At the time of last week’s goodbye, Picasso had met Jacqueline Roque – and had loved her from the first. Today we catch back up with the pair in 1955: Picasso’s relationship with Francoise Gilot was squarely closed; Olga Khokhlova, his legal partner since their marriage in 1918, had recently passed, leaving Picasso “single” for the first time in 37 years; and he’d bought the villa La Californie, overlooking the blue Bay of Cannes. There, Picasso and Jacqueline installed themselves until their marriage, in 1961.

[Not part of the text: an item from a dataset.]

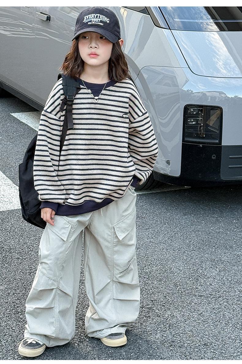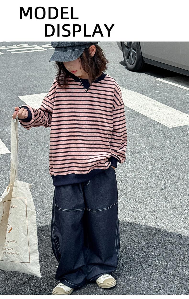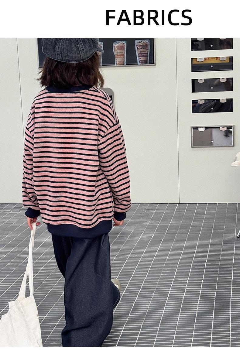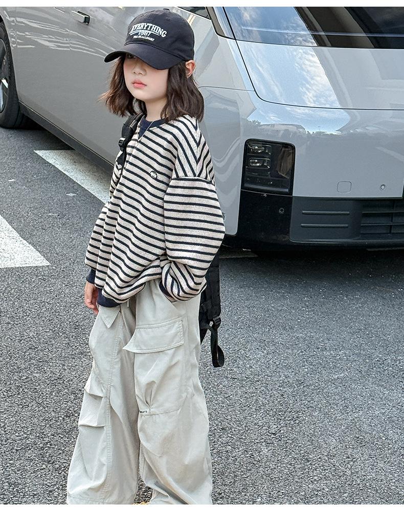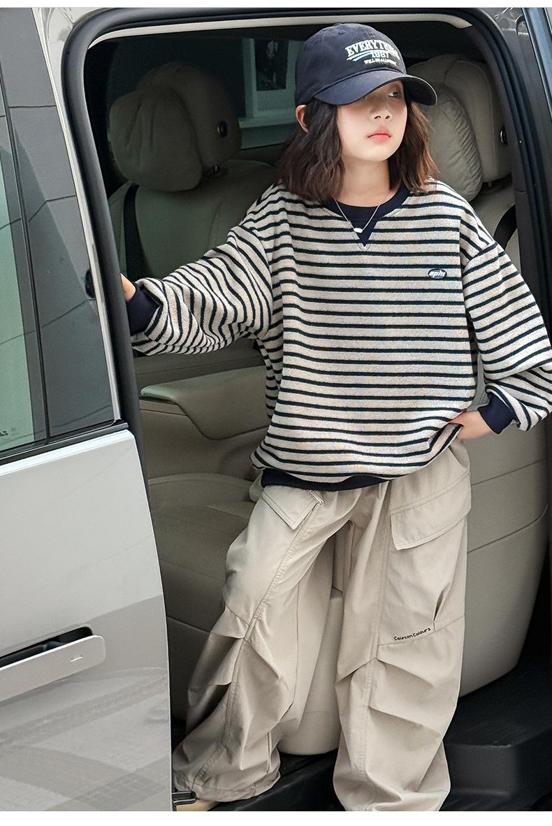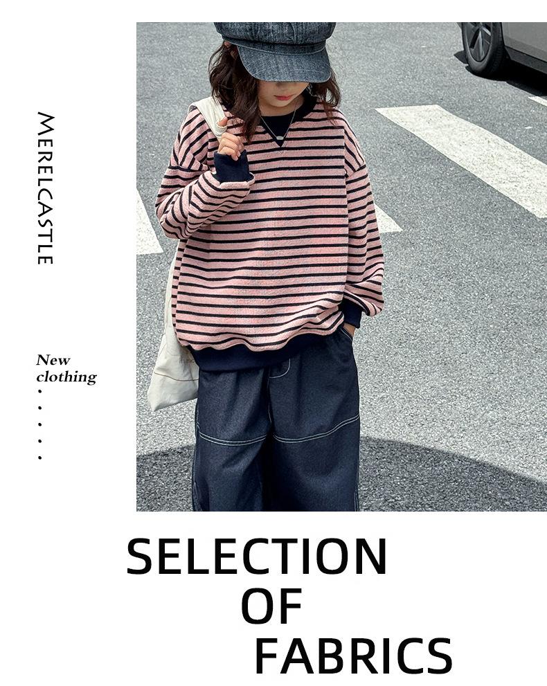 Sudadera para niña Otoño 2025 Nueva Moda Ropa de Otoño Rayada para Niña Ropa de Estilo Primavera y Otoño para Niñas Grandes Versión Coreana Top
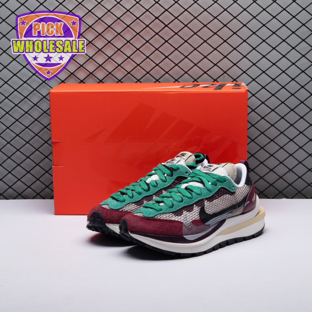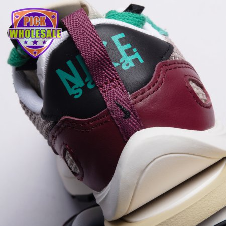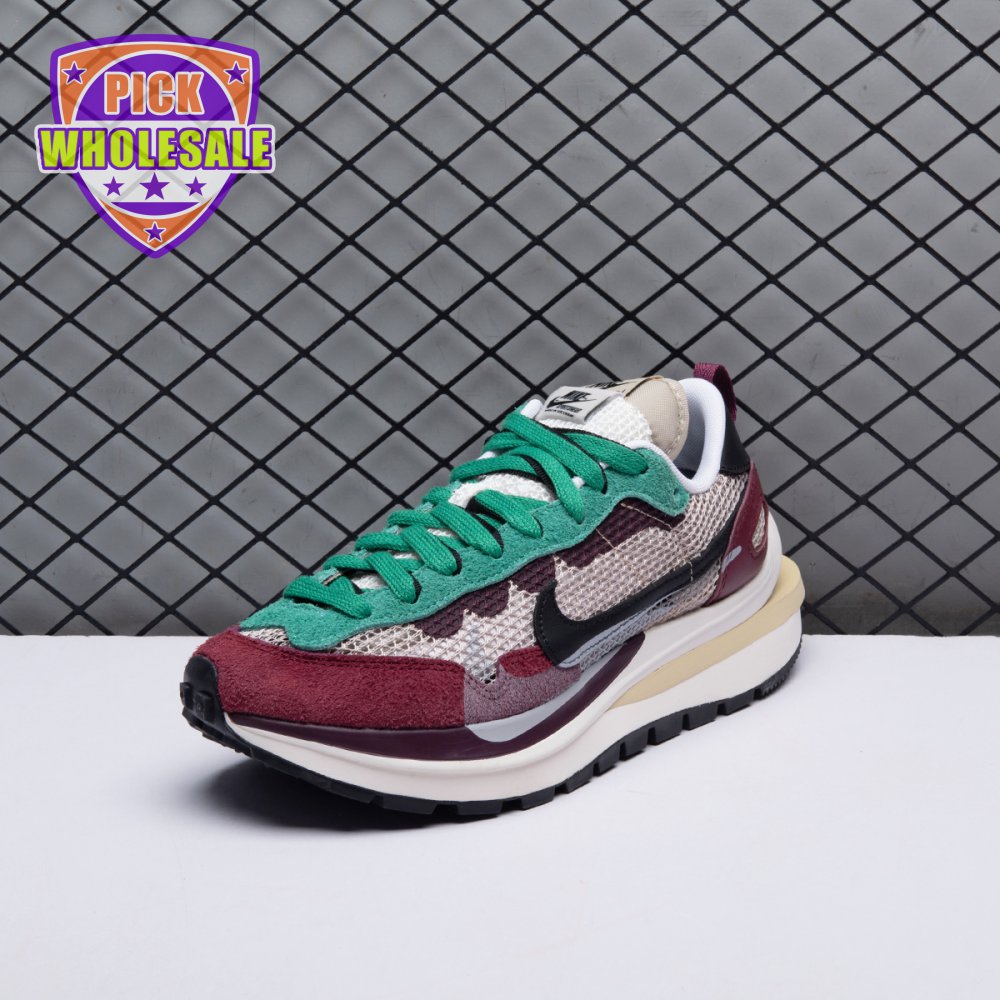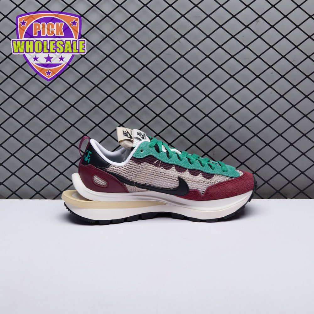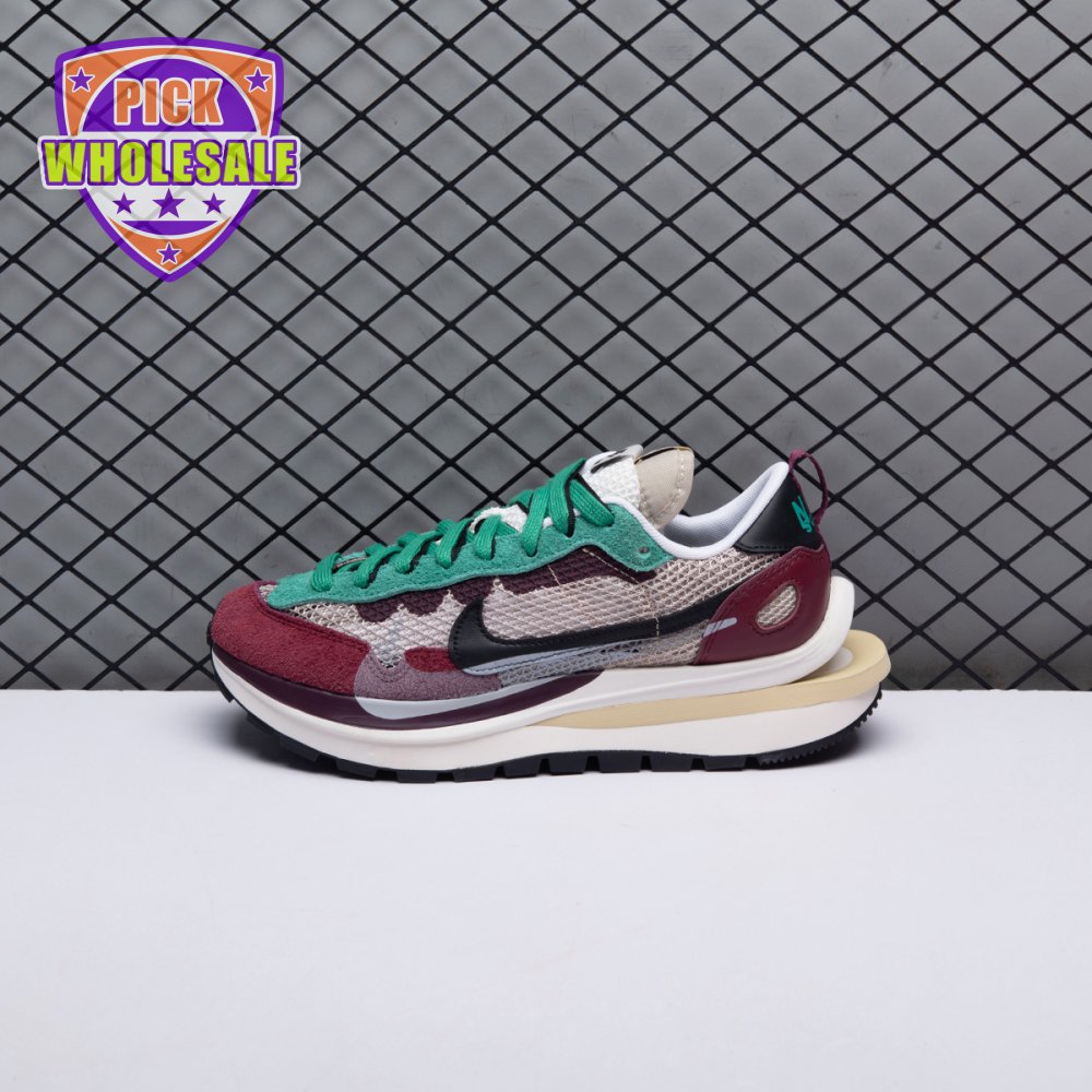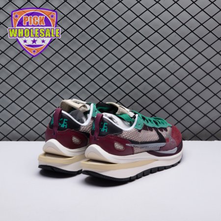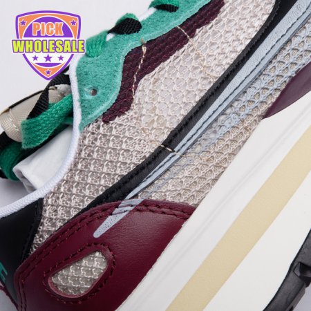 Made in partnership with the progressive Japanese fashion label, the Sacai x Nike VaporWaffle SP "Villain Red" shows off a layered design that recalls the brands" original LDV Waffle collaboration from 2019. The sneaker"s khaki mesh upper, accented with burgundy suede overlays and a green suede eyestay, doubles up on the tongue, laces and Nike Swoosh branding. An off-white finish is applied to the stacked midsole, featuring a wedge insert that literally splits the heel.

Picasso created Jacqueline de profil a droite (B854) a few years prior to that. The motifs of Jacqueline’s profile are instantly recognizable; her big, almond-shaped eyes, wealth of thick dark hair, straight nose, arched brow. Her gaze is gentle, downcast, and her lips are softy set. But in contrast, the shading around her eyes is dark, dramatic, reflecting the intensity of her dress, hair, and the background. The tension, the ambiguity of the lithograph raises a question, one that would long linger in the hearts of Picasso’s friends, family, and admirers: how exactly do we remember Jacqueline Roque?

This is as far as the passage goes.